Late Breaking: The North Korean Nuclear Crisis in History

AHA Session
Sunday, January 7, 2018: 9:00 AM-10:30 AM
Thurgood Marshall North (Marriott Wardman Park, Mezzanine Level)
Mitchell Lerner, Ohio State University
Jooeun Kim, Georgetown University

Session Abstract

The North Korean crisis reaches back farther than the presidential administration of Donald Trump, or even those of Barack Obama, George W. Bush, or Bill Clinton, whose failures to rein in the Democratic People’s Republic of Korea’s (DPRK) nuclear program the current president likes to lambaste. It preceded the reigns of Kim Jong Un and his father Kim Jong Il, or the rise to power of General Secretary of the Chinese Communist Party Xi Jinping. Nuclear power and the global regime of laws, institutions, and hierarchies that structures its possession and use have linked East Asian to world history, domestic to international politics, national identity to national security, and the Cold War to the progressive dysfunction that came after. Understanding these connections promises to shed light on the most dangerous nuclear crisis since the Iraq War, or at least why it has been handled with such belligerence and so little intercultural sensitivity.

This panel approaches the standoff over North Korea’s nuclear and ballistic missile programs from multiple historical perspectives, heeding the institutional, cultural, and geopolitical contexts from which it emerged. Politicians posturing for audiences at home and abroad regularly invoke myth or makes assumptions about how societies and states think about nuclear weapons as opportunity or threat, or why the entangled histories of East Asian states (China, North Korea, South Korea, Japan) and the United States matter. The presenters will view the North Korean nuclear crisis from three vantage points to deepen or even explode the prevailing (and often facile) representations of a complex phenomenon.
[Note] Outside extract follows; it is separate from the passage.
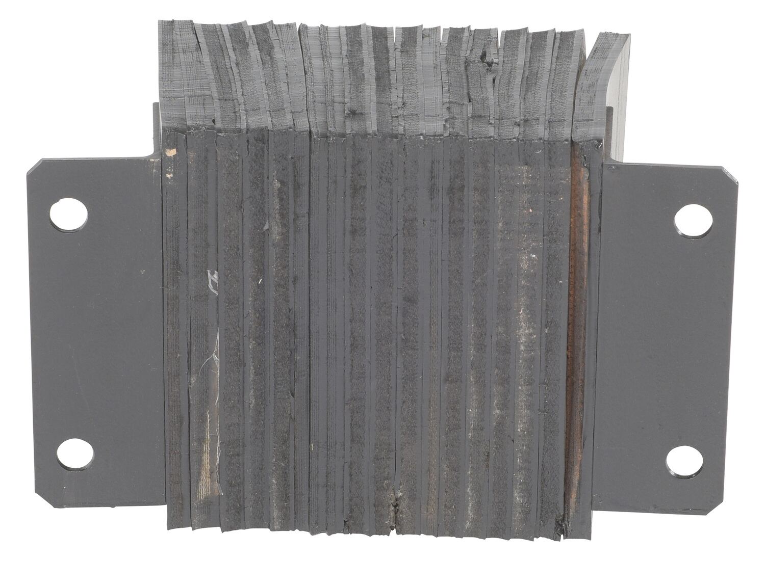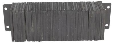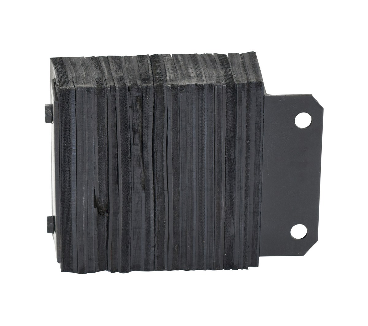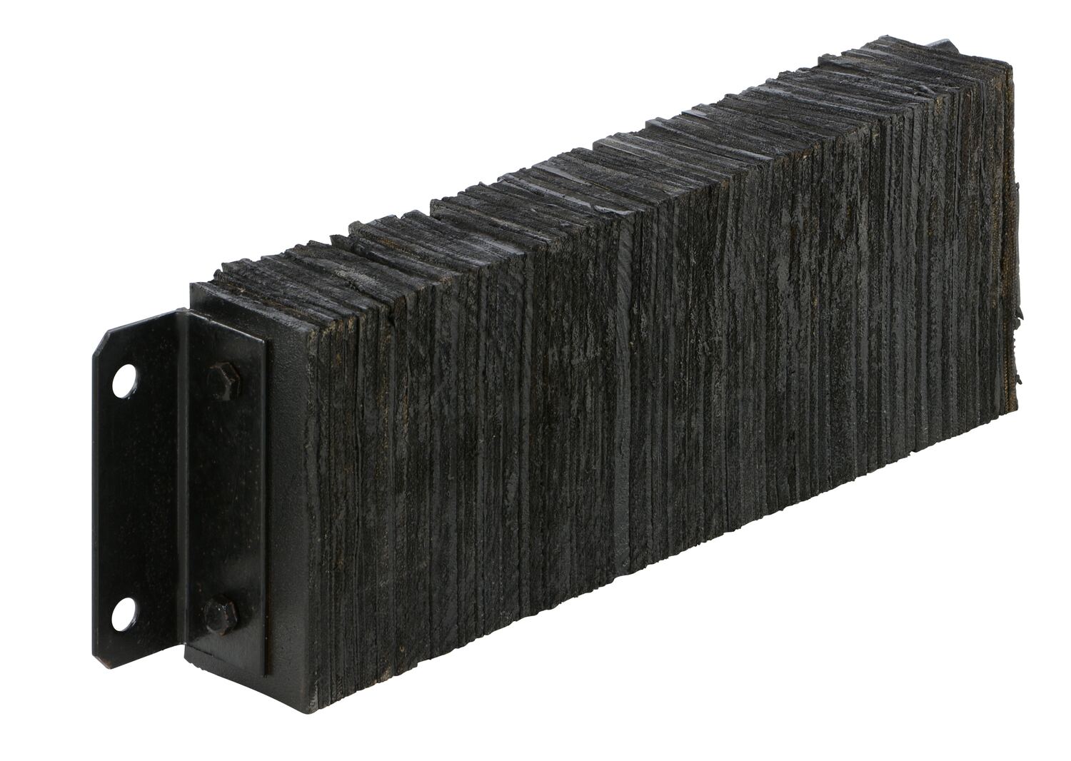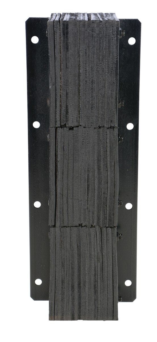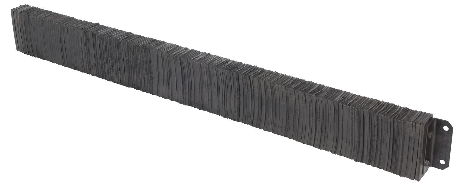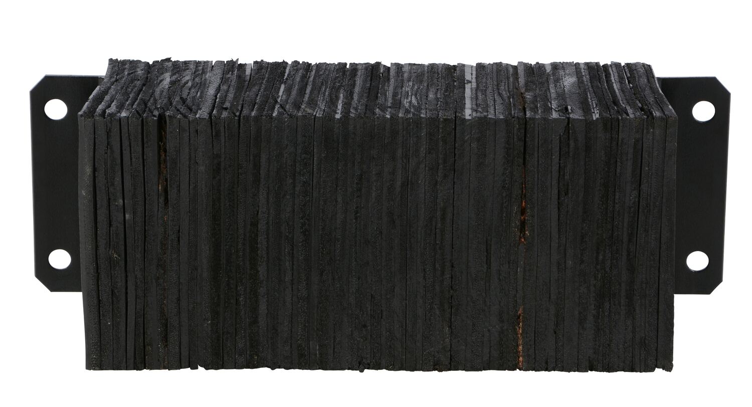 The laminated Dock Bumper provides durable, economical protection for loading docks and trailers. This unit is constructed of fabric reinforced rubber from recycled truck tires. The pads are laminated between painted structural angles and held together with steel tie rods. The width is bolt hole center to bolt hole center. Installation hardware sold separately.

While the Trump administration has introduced the term “Indo-Pacific” to delineate a geostrategic region from the Indian sub-continent to Hawai’i, the controversy over Pyongyang’s nuclear miscreance obscures its significance for the immediate neighborhood. While it is commonplace to maintain that only the People’s Republic of China (PRC) can “fix” this problem, little attention has been paid to how Trump’s ‘America First’ is colliding both symbolically and discursively with Xi Jinping’s ‘Chinese Dream’.

Coverage of the crisis also tends to neglect a particularly interested and anxious stakeholder—the Republic of Korea. As the election of Moon Jae-in shows, there are riptides of anti-American and pacifist sentiment in South Korea that run against the militarized response of the United States government. Grasping the divisions within South Korean society reveals that potential rifts between Seoul and Washington go deeper than appearances suggest.

How the international community has marginalized, disciplined, and punished the DPRK is also far from unprecedented. The origins of the U.S.-led nuclear order lay precisely in ostracizing the original rogue state in East Asia during the Cold War—Mao’s Tse-Tung’s People’s Republic of China. While the rhetoric of non-proliferation underscores the catastrophic (even existential) threat that the spread of nuclear weapons pose, it started as a ploy to justify mainland China’s exclusion from the United Nations at a moment when the Kennedy and Johnson administrations in the United States and the Khrushchev and Brezhnev-led politburos in the Soviet Union found common cause amid the Sino-Soviet split.